We can see the cost/rows of Append Path is highly overrated. (the rows
should be 1
rather than 100, cost should be 8.44 rather than 844).

Case 2:
PREPARE s2 AS
SELECT * FROM p a JOIN p b ON a.v = b.v and a.c_type = $1 and a.v < 10;
EXPLAIN execute s2(3);

postgres=# EXPLAIN execute s2(3);
QUERY PLAN
-------------------------------------------------------------------------------------------------
Gather (cost=1000.85..5329.91 rows=926 width=16)
Workers Planned: 1
-> Nested Loop (cost=0.85..4237.31 rows=545 width=16)
-> Parallel Index Scan using p_3_v_idx on p_3 a (cost=0.42..8.56
rows=5 width=8)
Index Cond: (v < 10)
Filter: (c_type = 3)
-> Append (cost=0.42..844.75 rows=100 width=8)
-> Index Scan using p_1_v_idx on p_1 b_1 (cost=0.42..8.44
rows=1 width=8)
Index Cond: (v = a.v)
-> Index Scan using p_2_v_idx on p_2 b_2 (cost=0.42..8.44
rows=1 width=8)
Index Cond: (v = a.v)
...

set plan_cache_mode = force_generic_plan;
EXPLAIN ANALYZE execute s2(3);

QUERY PLAN
----------------------------------------------------------------------------------------------------
Gather (cost=1000.85..312162.57 rows=93085 width=16)
Workers Planned: 2
-> Nested Loop (cost=0.85..301854.07 rows=38785 width=16)
-> Parallel Append (cost=0.42..857.94 rows=400 width=8)
Subplans Removed: 99
-> Parallel Index Scan using p_3_v_idx on p_3 a_1
(cost=0.42..8.56 rows=5 width=8)
Index Cond: (v < 10)
Filter: (c_type = $1)
-> Append (cost=0.42..751.49 rows=100 width=8)
...

We can see the rows for Gather node changed from 926 to 93085, while the
actual
rows is 900 rows. The reason for case 2 is because we adjust the
rel->tuples for
plan time partition prune, but we did nothing for initial partition prune.
I would like to
aim to fix both of the issues.

The scope I want to cover at the first stage are
1. Only support limited operators like '=', 'in', 'partkey = $1 OR partkey
=
$2'; which means the operators like '>', '<', 'BETWEEN .. AND ' are not
supported.
2. Only supporting all the partition keys are used in prune quals. for
example,
if we have partkey (p1, p2). but user just have p1 = $1 in the quals.
3. All the other cases should be supported.

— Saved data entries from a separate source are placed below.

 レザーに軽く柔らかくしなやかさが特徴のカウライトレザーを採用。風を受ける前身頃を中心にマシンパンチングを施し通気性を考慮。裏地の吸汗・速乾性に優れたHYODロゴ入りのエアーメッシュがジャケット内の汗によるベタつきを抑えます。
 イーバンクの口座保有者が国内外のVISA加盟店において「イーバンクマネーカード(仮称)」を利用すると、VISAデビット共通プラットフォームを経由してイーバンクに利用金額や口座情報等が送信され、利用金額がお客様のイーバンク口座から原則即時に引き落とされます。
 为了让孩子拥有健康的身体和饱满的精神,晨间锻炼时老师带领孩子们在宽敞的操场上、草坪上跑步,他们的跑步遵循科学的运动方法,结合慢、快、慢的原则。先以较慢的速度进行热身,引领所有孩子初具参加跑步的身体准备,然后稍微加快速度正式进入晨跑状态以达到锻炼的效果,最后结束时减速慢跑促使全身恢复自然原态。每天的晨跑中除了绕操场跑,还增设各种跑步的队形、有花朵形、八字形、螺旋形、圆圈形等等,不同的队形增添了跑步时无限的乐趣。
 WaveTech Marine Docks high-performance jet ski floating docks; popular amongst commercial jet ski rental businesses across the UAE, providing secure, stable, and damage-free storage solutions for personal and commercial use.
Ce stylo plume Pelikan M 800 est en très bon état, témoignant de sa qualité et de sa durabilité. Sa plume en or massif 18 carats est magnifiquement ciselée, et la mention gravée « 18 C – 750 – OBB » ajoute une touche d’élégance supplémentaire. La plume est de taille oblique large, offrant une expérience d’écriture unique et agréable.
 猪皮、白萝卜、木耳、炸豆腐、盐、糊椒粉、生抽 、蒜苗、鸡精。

The reason I put some limits above is because 1). they are not common. 2).
there
are no way to guess the reasonable ratio.

The design principle are:
1). Adjust the AppendPath's cost and rows for both initial partition prune
and
run time partition prune in cost_append. The ratio is just 1/nparts for
all the
supported case, even for partkey in ($1, $2, $3).

2). Adjust rel->tuples for initial partition prune only.
3). Use the adjusted AppendPath's cost/rows for sub-partitioned case,
around the
cases accumulate_append_subpath.

I have implemented this for 1-level partition and 1 partition key only at
[1],
and I have tested it on my real user case, looks the algorithm works great.
I am
planning to implement the full version recently. Any suggestion for the
design/scope part?

[1]
https://www.postgresql.org/message-id/CAKU4AWpO4KegS6tw8UUnWA4GWr-Di%3DWBmuQnnyjxFGA0MhEHyA%40mail.gmail.com

--
Best Regards
Andy Fan (https://www.aliyun.com/)